> **Exercise data**:
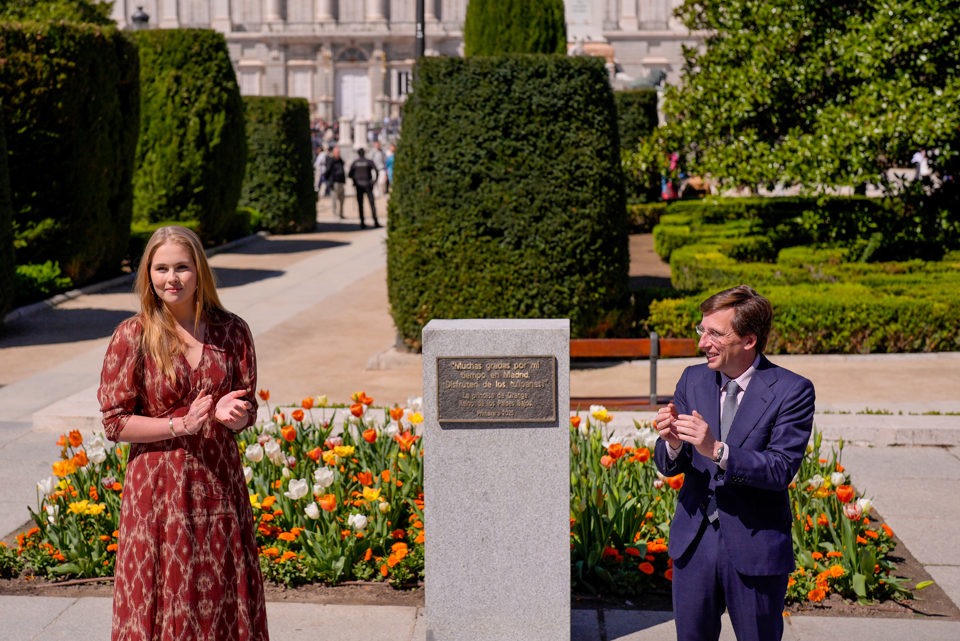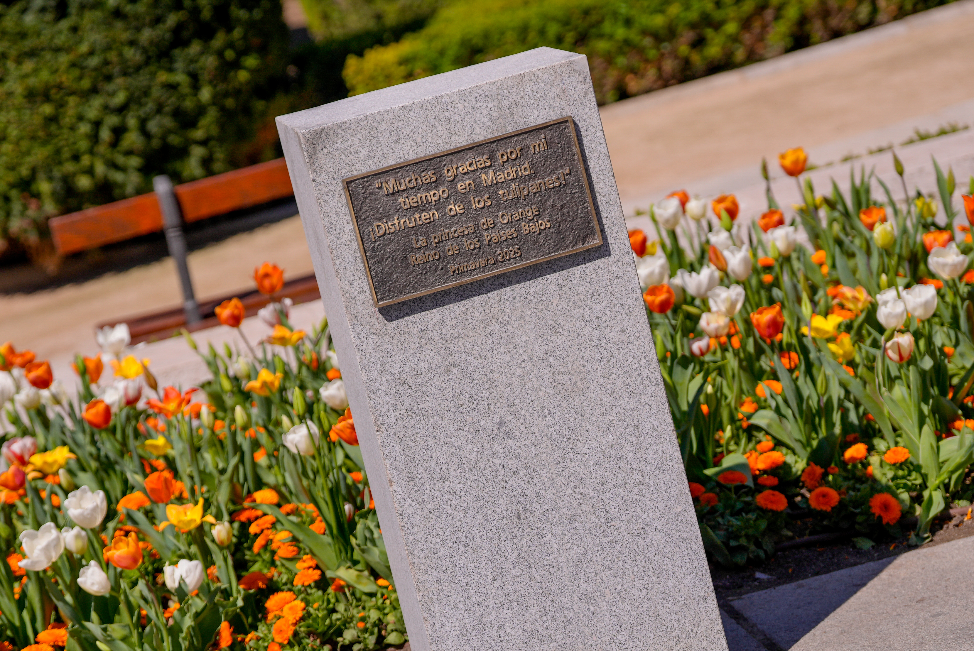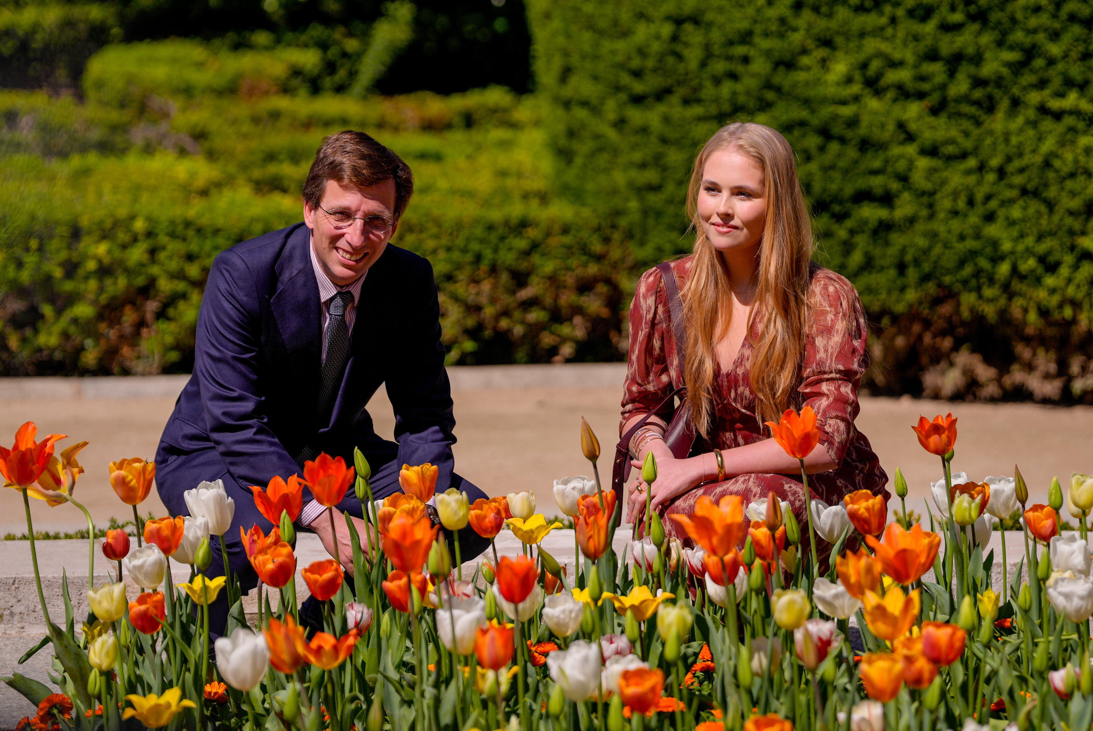 El alcalde de Madrid, José Luis Martínez-Almeida, junto a la princesa Amalia de Orange, ha descubierto hoy una placa de agradecimiento por parte de la heredera al trono de Países Bajos por su “tiempo en Madrid”, en el jardín de tulipanes de la plaza de Oriente. La princesa donó estos ejemplares a la ciudad como muestra de gratitud hacia la capital y sus vecinos por la acogida que le brindaron durante el periodo en el que desarrolló sus estudios en la Universidad de Ámsterdam desde Madrid debido a circunstancias especiales.
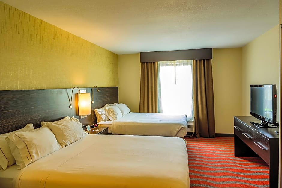 The Holiday Inn Express and Suites - Bradford offers several types of rooms. These include the Deluxe Room with a Queen size bed, the Standard Suite with a Queen size bed, the Queen Room with Two Queen Beds, the King Room with a King size bed, the Suite with Two Beds with Double beds, the Feature King Room with a King size bed, the King Room - Hearing Accessible, and the Room Selected at Check-In with a combination of King and Queen size beds. All rooms have a size of 323 sqft and are non-smoking. Occupancy ranges from 2 adults and 1 child to 5 adults and 4 children depending on the room type.
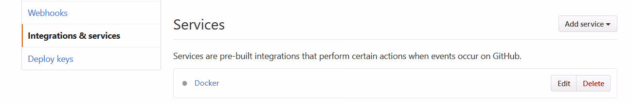Au delà de simplement lier les deux comptes, Dockerhub paramètre vos dépôts git et y ajoute des services (webhooks préconfigurés) permettant de prévenir automatiquement Dockerhub de la présence de code mise à jour sur GitHub.
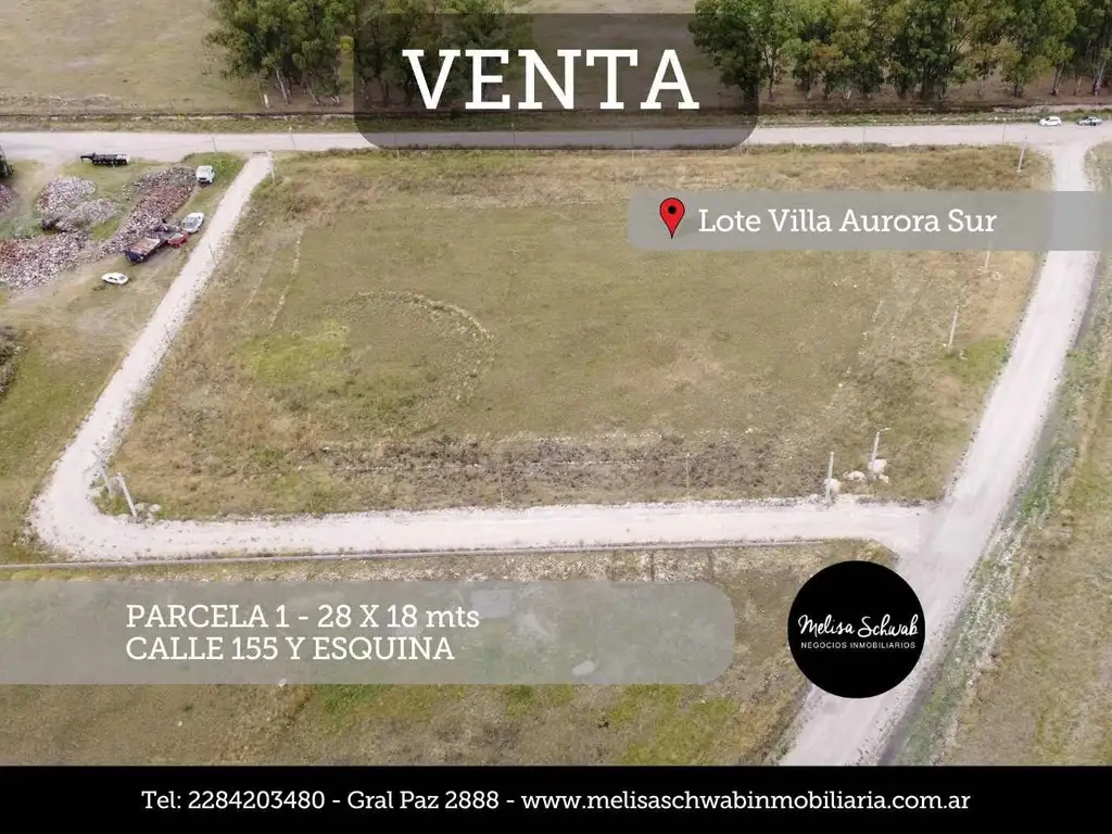 Lote parcela 1 de 28 x 18 mts, ubicado en Calle 155 y esquina, con servicio de luz y alumbrado publico.

> **Required action**: Would you set down each line of the data exactly, with no images included?

> **Answer area**:
 El alcalde de Madrid, José Luis Martínez-Almeida, junto a la princesa Amalia de Orange, ha descubierto hoy una placa de agradecimiento por parte de la heredera al trono de Países Bajos por su “tiempo en Madrid”, en el jardín de tulipanes de la plaza de Oriente. La princesa donó estos ejemplares a la ciudad como muestra de gratitud hacia la capital y sus vecinos por la acogida que le brindaron durante el periodo en el que desarrolló sus estudios en la Universidad de Ámsterdam desde Madrid debido a circunstancias especiales.
 The Holiday Inn Express and Suites - Bradford offers several types of rooms. These include the Deluxe Room with a Queen size bed, the Standard Suite with a Queen size bed, the Queen Room with Two Queen Beds, the King Room with a King size bed, the Suite with Two Beds with Double beds, the Feature King Room with a King size bed, the King Room - Hearing Accessible, and the Room Selected at Check-In with a combination of King and Queen size beds. All rooms have a size of 323 sqft and are non-smoking. Occupancy ranges from 2 adults and 1 child to 5 adults and 4 children depending on the room type.
Au delà de simplement lier les deux comptes, Dockerhub paramètre vos dépôts git et y ajoute des services (webhooks préconfigurés) permettant de prévenir automatiquement Dockerhub de la présence de code mise à jour sur GitHub.
 Lote parcela 1 de 28 x 18 mts, ubicado en Calle 155 y esquina, con servicio de luz y alumbrado publico.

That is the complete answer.